● **What the task requires**:
From the line containing "Улочка, в конце" to the final line of the material below, return every line exactly. Do not include pictures.

● **Data segment**:

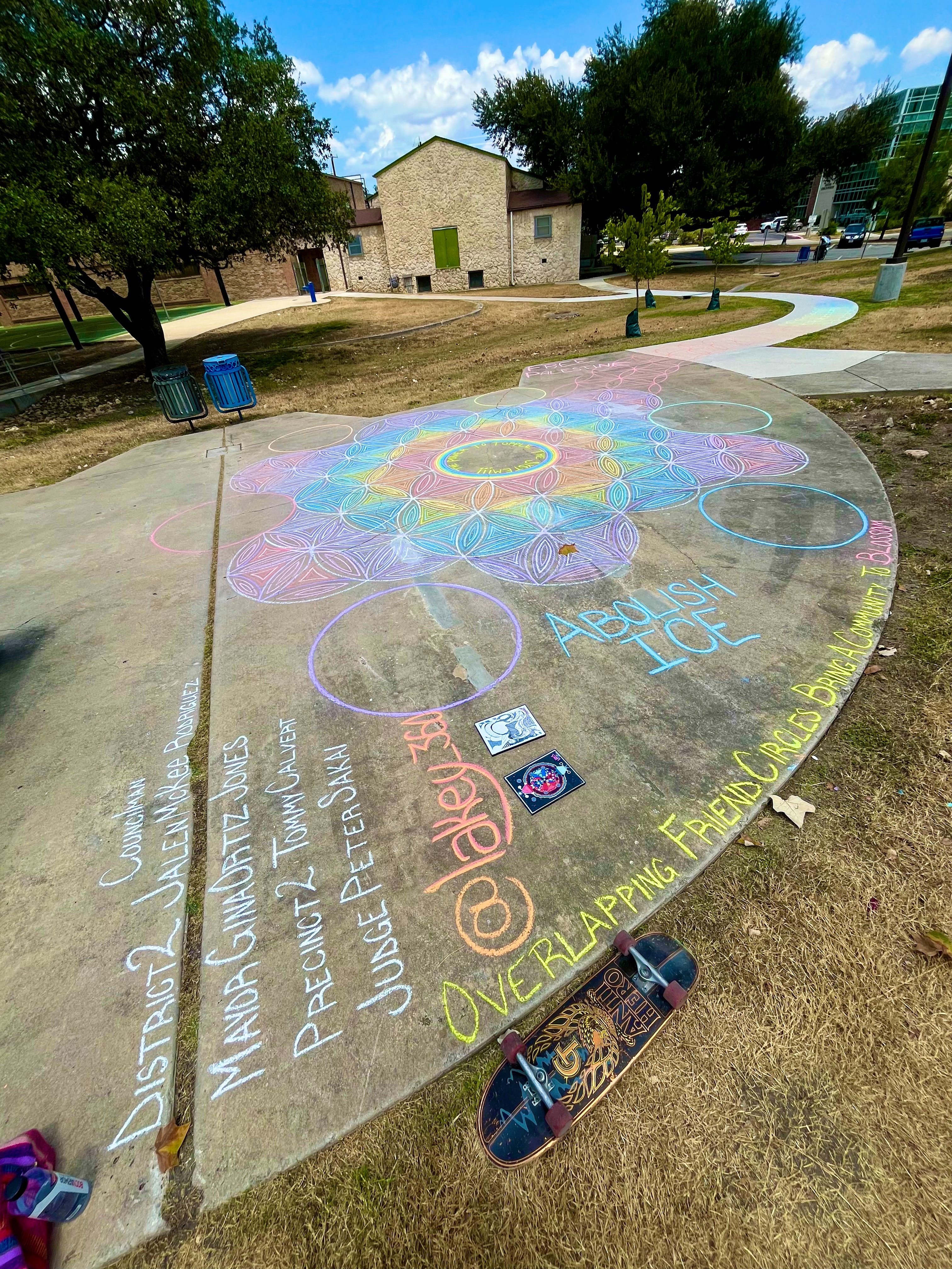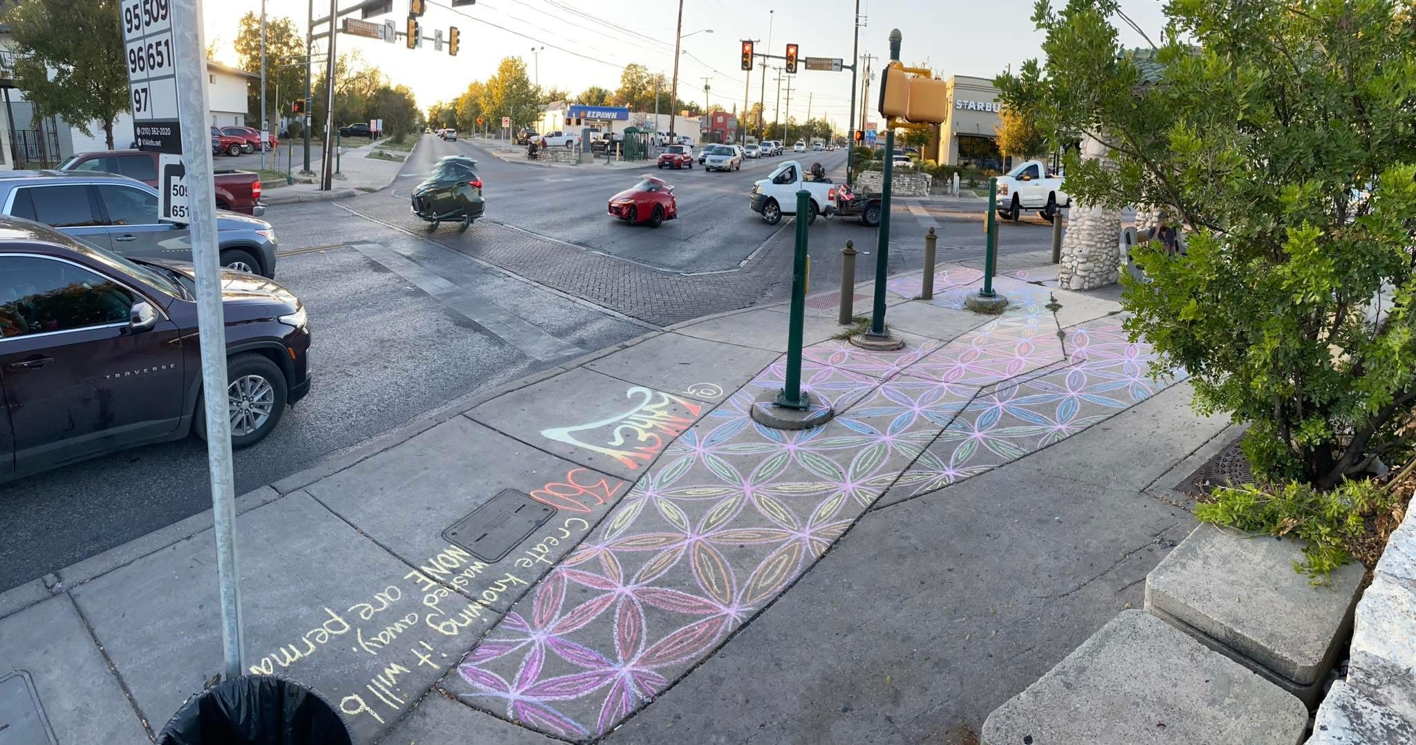 I come from trailer parks and a broken family, to years in foster care and unofficial boys homes, to traveling street artist and poet, to chalk artist and activist. Initially San Antonio Law Enforcement didn't harass me, they just washed away the chalk, like they did to the one year anniversary memorial to those lost in the tragedy in Uvalde: https://youtu.be/ARj1PdaGhBo
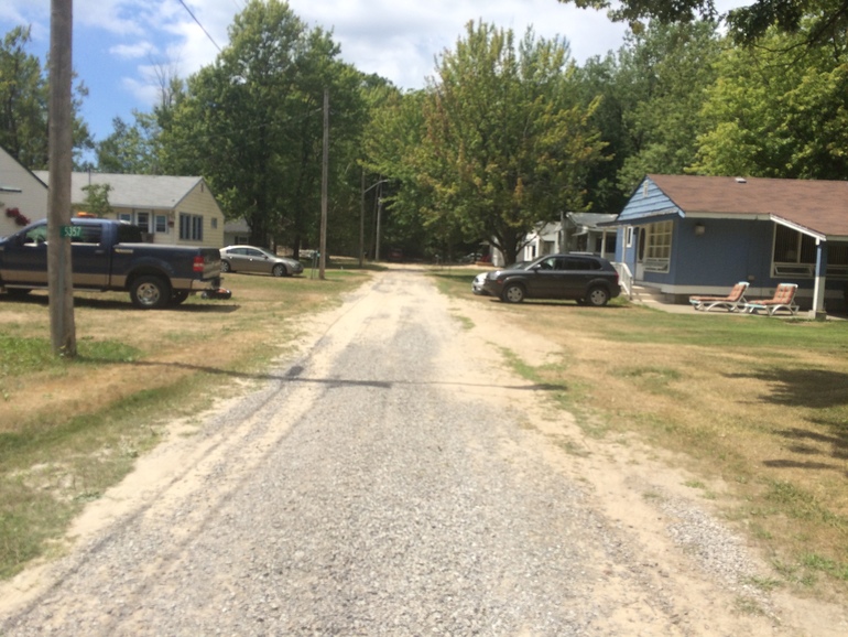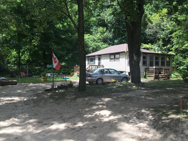 Улочка, в конце которой тупиковый - наш дом. Сразу совершенно поразило отстутствие заборов. Границы участков невидимы, типа "вот, видишь, от этой сосны уже соседский пошел, а у этого кустика еще наш"
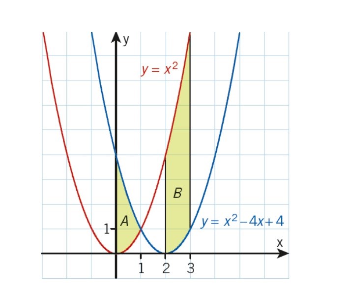 Hej jag har lite svårt att tolka vilken av dessa kurvor (blå eller röd) som är den nedre och övre funktionen till respektive bokstav (A och B), dvs hur kan man vara medveten i A att y=x^2 - 4x +4 är den övre funktionen och inte den nedre i detta fall?

● **Expected output**:
 Улочка, в конце которой тупиковый - наш дом. Сразу совершенно поразило отстутствие заборов. Границы участков невидимы, типа "вот, видишь, от этой сосны уже соседский пошел, а у этого кустика еще наш"
 Hej jag har lite svårt att tolka vilken av dessa kurvor (blå eller röd) som är den nedre och övre funktionen till respektive bokstav (A och B), dvs hur kan man vara medveten i A att y=x^2 - 4x +4 är den övre funktionen och inte den nedre i detta fall?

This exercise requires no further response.